— AVAILABLE DATA —
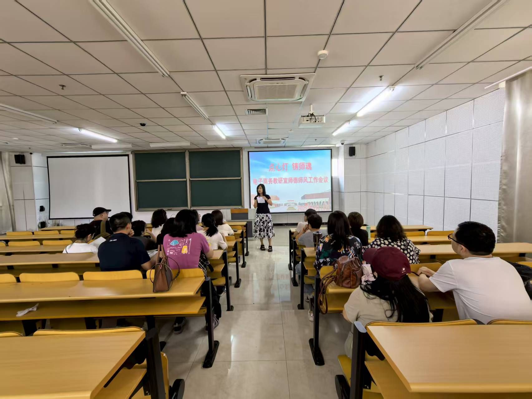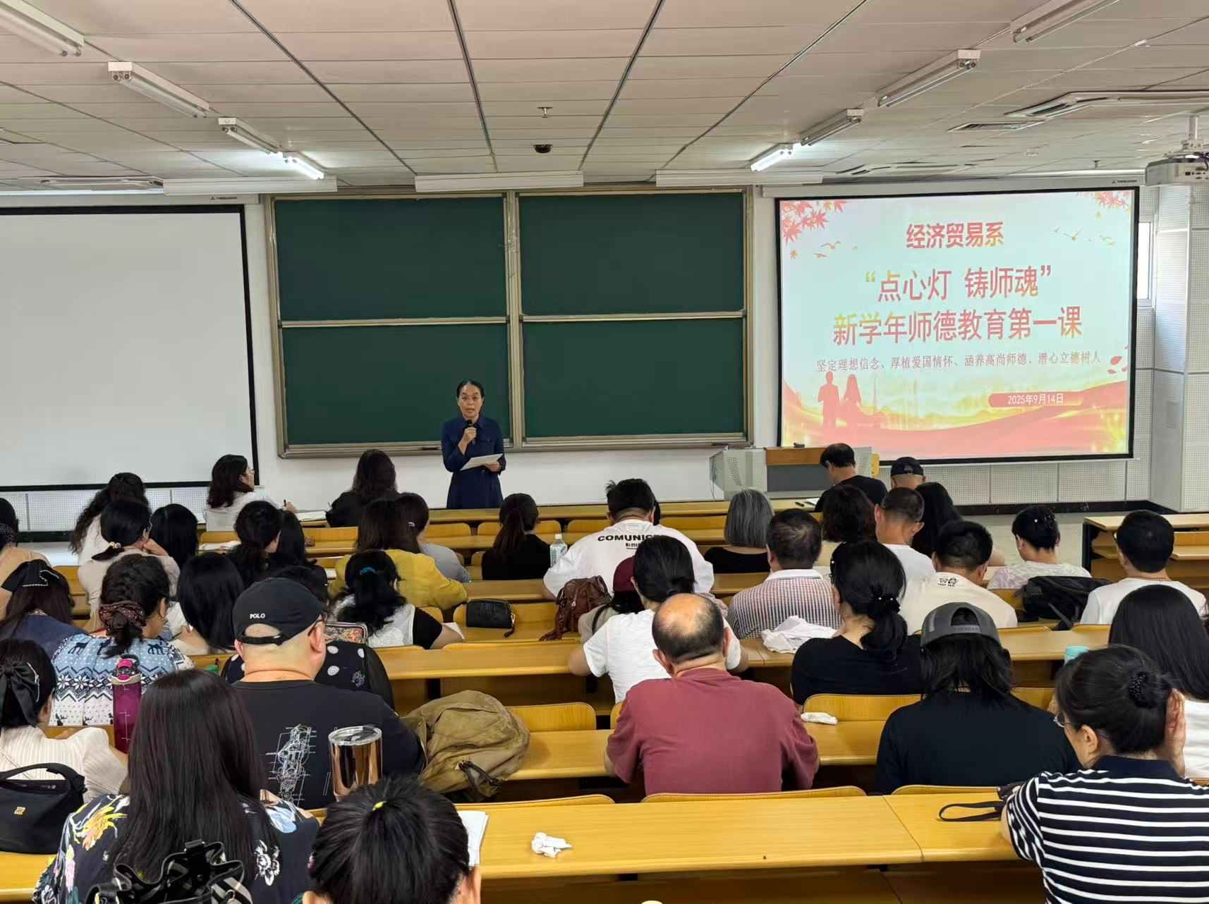 为进一步加强系部教师队伍师德师风建设,明确新时代教师职业规范与育人使命,经济贸易系于2025年9月14日上午在启智楼128阶梯教室组织全系教职工开展了新学年“点心灯,铸师魂”师德教育第一课活动。
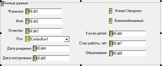 Займемся первой таблицей. В свойстве Caption компонента GroupBox впишите “Личные данные”, это название отразится в заголовке панели. Далее на эту панель следует установить восемь компонентов DBEdit с вкладки DataControls палитры компонентов, два DBCheckBox для редактирования логических данных, и один компонент DBComboBox для списка, а также поясняющие компоненты Label.
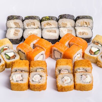 Ролл Филадельфия классик, ролл Тобико, ролл Урра фреш, ролл Унаги классик, ролл Гоа фреш. Соевый соус, имбирь и васаби в комплекте не идут (40 шт.)
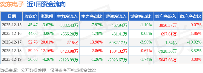 资金流向数据方面,本周奕东电子主力资金合计净流入2.17亿元,游资资金合计净流出8000.88万元,散户资金合计净流出1.37亿元。本周资金流向一览见下表:
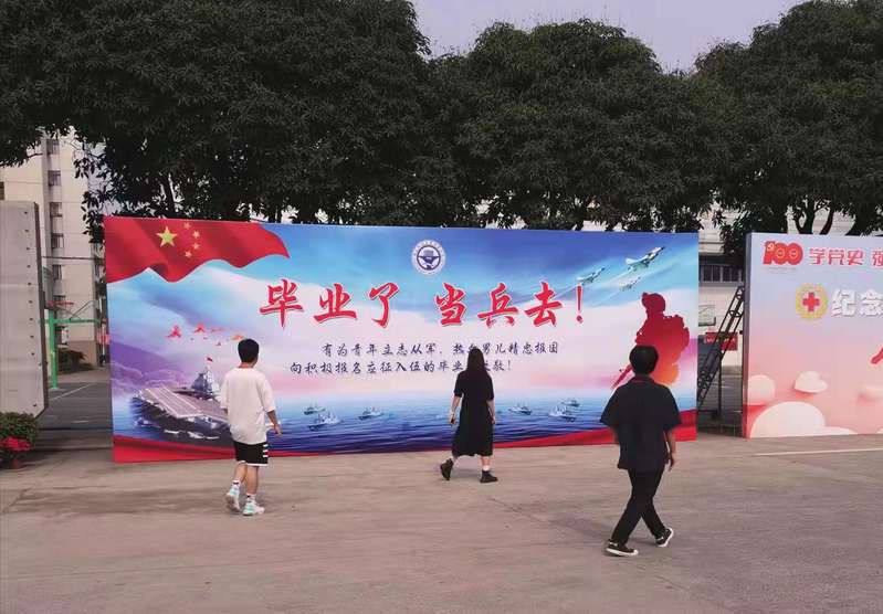 在校園主干道擺放巨幅宣傳牌,公布本次征兵主要政策、報(bào)名流程等,用激情四射的圖文號召大家“畢業(yè)了,當(dāng)兵去!”同樣的內(nèi)容制作成宣傳冊,通過微信公眾號、班級微信群、QQ群等多種形式、渠道傳遞給同學(xué)們。征兵工作站開通熱線電話,隨時接受咨詢。
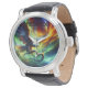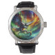 Uhr, Vintage Männeruhr mit schwarzem Lederarmband
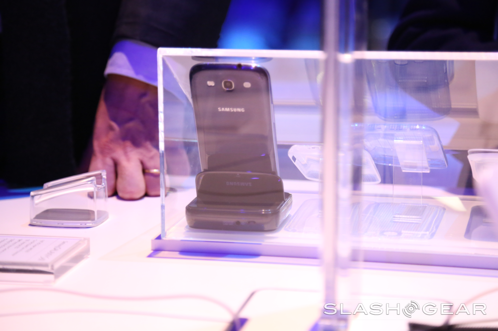 Today we've gotten the opportunity to not only get a look at the Galaxy S III in-person, but to look at the accessories that go with it as well. What you'll see here is a set of fold-over covers, cases of all shapes and sizes, and a charging dock that's almost, but not quite, that lovely wireless charger you've heard so much about. You'll also get a peek at the Samsung S Pebble, also known as a tiny MP3 player accessory that connects to your Galaxy S III with a tap, and a peek at AllShare Cast for wireless transmission of HD video!
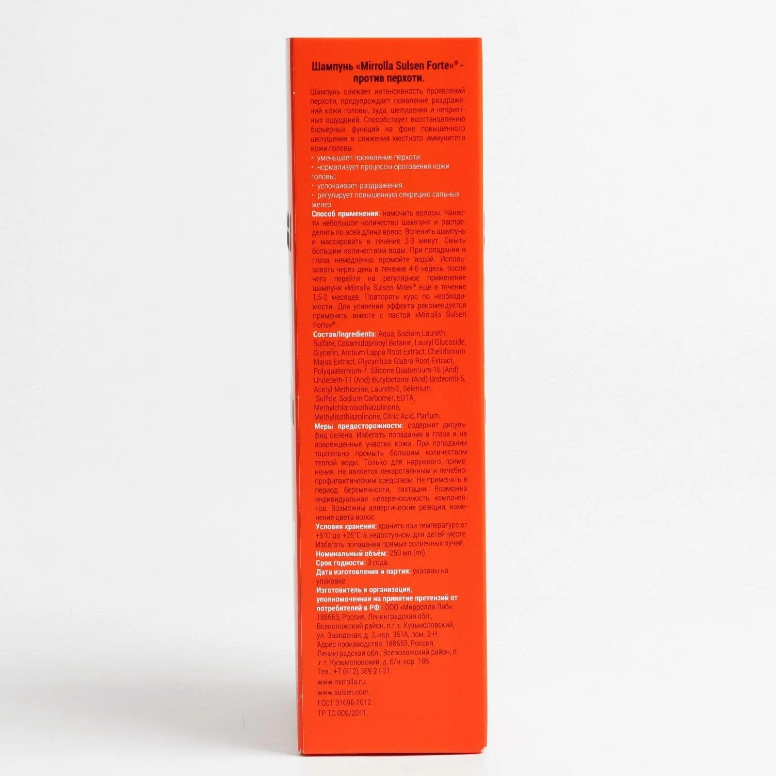 | Способ применения | намочить волосы. Нанести небольшое количество шампуня и распределить по всей длине волос. Вспенить шампунь и массировать в течение 2-3 минут. Смыть большим количеством воды. При попадании в глаза немедленно промойте водой. Использовать через день в течение 4-6 недель, после чего перейти на регулярное применение дерматологически мягкого шампуня «Mirrolla Sulsen Mite» еще в течение 1,5-2 месяцев. Повторять курс по необходимости. Для усиления эффекта рекомендуется применять вместе с пастой «Mirrolla Sulsen Forte» |
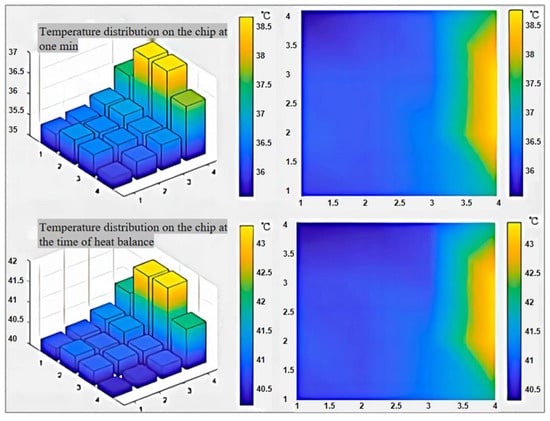 During steady-state temperature distribution testing, the heating unit’s position on the thermal test chip is shown in Figure 8, with a total power of 0.2 W. Temperature data were recorded after heating started, as detailed in Table 2. Based on the collected data, the temperature distribution on the chip was plotted in Figure 9. The experimental data indicate that the readout system can effectively distinguish temperature differences at various points within the thermal test chip, monitor temperature changes, and closely align with the theoretical model. Minor deviations observed in the measurements are likely caused by non-uniform heating across the chip and electrical noise in the data acquisition system. Future designs could mitigate these effects by improving thermal isolation and incorporating advanced filtering techniques in the acquisition circuit.

— WORK ITEM —
Exactly the lines from the top of the listing through the line with "Способ применения |", and no pictures, should be printed.

— TASK RESULT —
 为进一步加强系部教师队伍师德师风建设,明确新时代教师职业规范与育人使命,经济贸易系于2025年9月14日上午在启智楼128阶梯教室组织全系教职工开展了新学年“点心灯,铸师魂”师德教育第一课活动。
 Займемся первой таблицей. В свойстве Caption компонента GroupBox впишите “Личные данные”, это название отразится в заголовке панели. Далее на эту панель следует установить восемь компонентов DBEdit с вкладки DataControls палитры компонентов, два DBCheckBox для редактирования логических данных, и один компонент DBComboBox для списка, а также поясняющие компоненты Label.
 Ролл Филадельфия классик, ролл Тобико, ролл Урра фреш, ролл Унаги классик, ролл Гоа фреш. Соевый соус, имбирь и васаби в комплекте не идут (40 шт.)
 资金流向数据方面,本周奕东电子主力资金合计净流入2.17亿元,游资资金合计净流出8000.88万元,散户资金合计净流出1.37亿元。本周资金流向一览见下表:
 在校園主干道擺放巨幅宣傳牌,公布本次征兵主要政策、報(bào)名流程等,用激情四射的圖文號召大家“畢業(yè)了,當(dāng)兵去!”同樣的內(nèi)容制作成宣傳冊,通過微信公眾號、班級微信群、QQ群等多種形式、渠道傳遞給同學(xué)們。征兵工作站開通熱線電話,隨時接受咨詢。
 Uhr, Vintage Männeruhr mit schwarzem Lederarmband
 Today we've gotten the opportunity to not only get a look at the Galaxy S III in-person, but to look at the accessories that go with it as well. What you'll see here is a set of fold-over covers, cases of all shapes and sizes, and a charging dock that's almost, but not quite, that lovely wireless charger you've heard so much about. You'll also get a peek at the Samsung S Pebble, also known as a tiny MP3 player accessory that connects to your Galaxy S III with a tap, and a peek at AllShare Cast for wireless transmission of HD video!
 | Способ применения | намочить волосы. Нанести небольшое количество шампуня и распределить по всей длине волос. Вспенить шампунь и массировать в течение 2-3 минут. Смыть большим количеством воды. При попадании в глаза немедленно промойте водой. Использовать через день в течение 4-6 недель, после чего перейти на регулярное применение дерматологически мягкого шампуня «Mirrolla Sulsen Mite» еще в течение 1,5-2 месяцев. Повторять курс по необходимости. Для усиления эффекта рекомендуется применять вместе с пастой «Mirrolla Sulsen Forte» |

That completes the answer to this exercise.